# Supplied records:

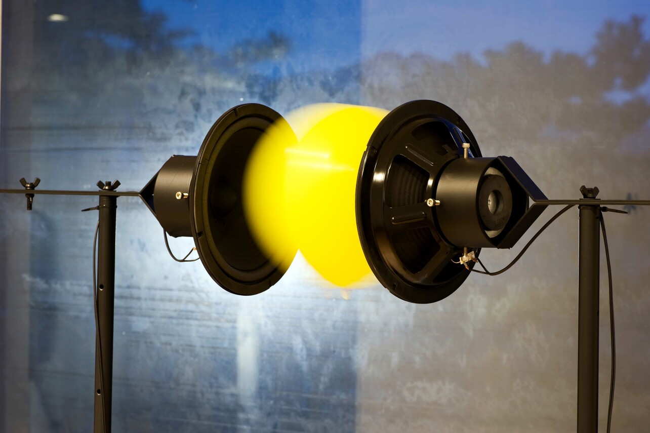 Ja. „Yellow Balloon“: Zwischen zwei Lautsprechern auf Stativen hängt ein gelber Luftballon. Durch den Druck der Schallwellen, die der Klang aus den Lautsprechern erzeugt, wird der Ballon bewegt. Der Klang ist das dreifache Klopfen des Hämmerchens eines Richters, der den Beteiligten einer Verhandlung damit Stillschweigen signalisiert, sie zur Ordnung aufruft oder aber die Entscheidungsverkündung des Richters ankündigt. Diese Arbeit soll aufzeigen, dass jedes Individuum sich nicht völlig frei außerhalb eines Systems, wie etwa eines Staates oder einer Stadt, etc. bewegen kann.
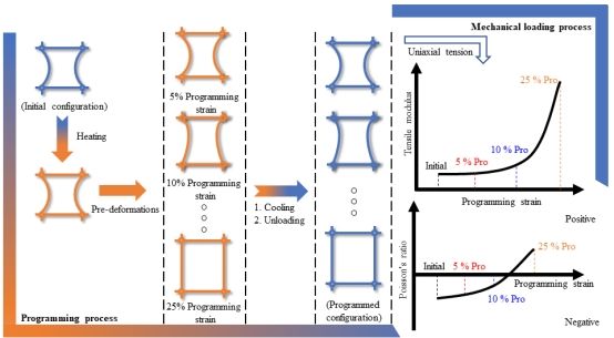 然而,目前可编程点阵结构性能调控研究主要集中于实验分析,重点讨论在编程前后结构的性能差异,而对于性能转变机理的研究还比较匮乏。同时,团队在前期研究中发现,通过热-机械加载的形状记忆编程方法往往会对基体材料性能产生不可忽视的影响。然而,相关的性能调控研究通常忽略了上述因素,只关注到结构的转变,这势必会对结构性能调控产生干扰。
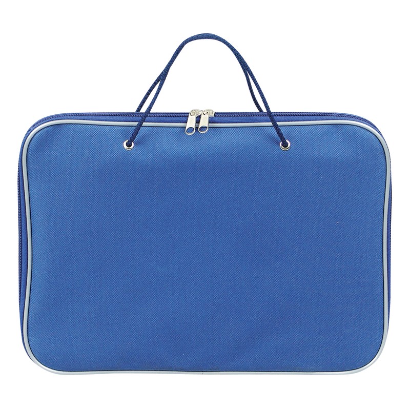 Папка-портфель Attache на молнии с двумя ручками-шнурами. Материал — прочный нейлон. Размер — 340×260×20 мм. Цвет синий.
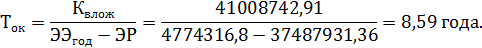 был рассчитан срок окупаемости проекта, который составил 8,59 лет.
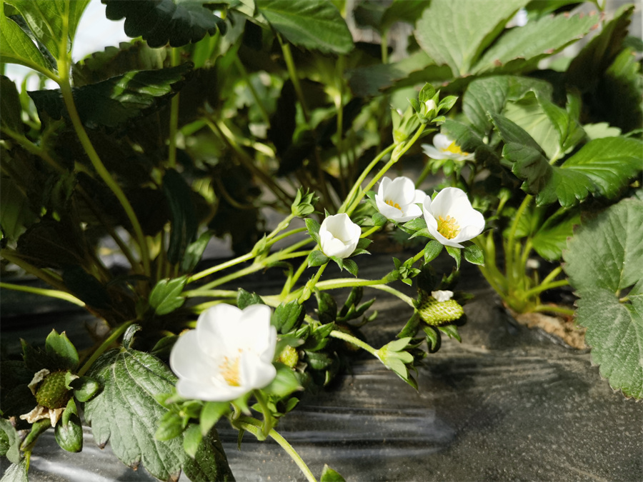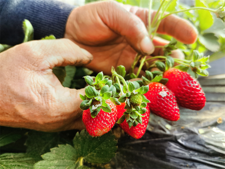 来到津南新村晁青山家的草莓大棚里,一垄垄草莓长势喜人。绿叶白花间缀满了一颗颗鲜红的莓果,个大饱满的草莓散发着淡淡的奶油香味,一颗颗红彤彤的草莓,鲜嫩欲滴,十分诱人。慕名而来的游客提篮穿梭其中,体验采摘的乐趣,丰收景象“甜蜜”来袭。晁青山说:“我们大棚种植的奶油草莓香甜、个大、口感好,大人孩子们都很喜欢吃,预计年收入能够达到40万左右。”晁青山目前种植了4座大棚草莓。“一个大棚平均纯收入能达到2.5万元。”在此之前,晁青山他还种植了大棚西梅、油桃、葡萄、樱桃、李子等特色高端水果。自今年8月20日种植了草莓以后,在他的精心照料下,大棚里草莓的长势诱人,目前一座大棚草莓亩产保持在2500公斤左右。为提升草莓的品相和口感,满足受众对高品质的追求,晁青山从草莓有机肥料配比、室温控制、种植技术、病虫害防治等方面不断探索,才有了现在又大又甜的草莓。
---
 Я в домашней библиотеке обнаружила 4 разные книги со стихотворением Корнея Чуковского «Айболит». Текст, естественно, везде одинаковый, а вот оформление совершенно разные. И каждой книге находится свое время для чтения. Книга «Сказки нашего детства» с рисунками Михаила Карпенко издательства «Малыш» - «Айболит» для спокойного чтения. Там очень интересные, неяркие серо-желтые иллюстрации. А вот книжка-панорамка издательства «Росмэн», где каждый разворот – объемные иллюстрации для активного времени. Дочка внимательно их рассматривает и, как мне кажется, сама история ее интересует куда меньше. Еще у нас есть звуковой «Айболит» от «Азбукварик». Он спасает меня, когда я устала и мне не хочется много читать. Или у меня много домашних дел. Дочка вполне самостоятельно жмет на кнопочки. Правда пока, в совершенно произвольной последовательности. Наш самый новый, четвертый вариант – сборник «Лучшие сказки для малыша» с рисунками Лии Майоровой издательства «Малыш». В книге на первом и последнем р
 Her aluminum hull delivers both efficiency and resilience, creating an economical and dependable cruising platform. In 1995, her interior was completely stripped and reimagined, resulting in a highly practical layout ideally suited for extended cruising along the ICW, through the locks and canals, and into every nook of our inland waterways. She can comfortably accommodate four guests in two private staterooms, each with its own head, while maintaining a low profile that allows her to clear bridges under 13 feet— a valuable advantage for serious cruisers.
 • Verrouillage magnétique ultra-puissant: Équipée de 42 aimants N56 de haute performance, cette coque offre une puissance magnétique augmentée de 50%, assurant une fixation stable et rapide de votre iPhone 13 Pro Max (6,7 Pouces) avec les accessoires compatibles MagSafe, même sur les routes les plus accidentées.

# What to work on:
An exact copy is needed. It runs from the line above containing "был рассчитан срок" down to the line containing "来到津南新村晁青山家的草莓大", both included, with no pictures.

# Result of this exercise:
 был рассчитан срок окупаемости проекта, который составил 8,59 лет.
 来到津南新村晁青山家的草莓大棚里,一垄垄草莓长势喜人。绿叶白花间缀满了一颗颗鲜红的莓果,个大饱满的草莓散发着淡淡的奶油香味,一颗颗红彤彤的草莓,鲜嫩欲滴,十分诱人。慕名而来的游客提篮穿梭其中,体验采摘的乐趣,丰收景象“甜蜜”来袭。晁青山说:“我们大棚种植的奶油草莓香甜、个大、口感好,大人孩子们都很喜欢吃,预计年收入能够达到40万左右。”晁青山目前种植了4座大棚草莓。“一个大棚平均纯收入能达到2.5万元。”在此之前,晁青山他还种植了大棚西梅、油桃、葡萄、樱桃、李子等特色高端水果。自今年8月20日种植了草莓以后,在他的精心照料下,大棚里草莓的长势诱人,目前一座大棚草莓亩产保持在2500公斤左右。为提升草莓的品相和口感,满足受众对高品质的追求,晁青山从草莓有机肥料配比、室温控制、种植技术、病虫害防治等方面不断探索,才有了现在又大又甜的草莓。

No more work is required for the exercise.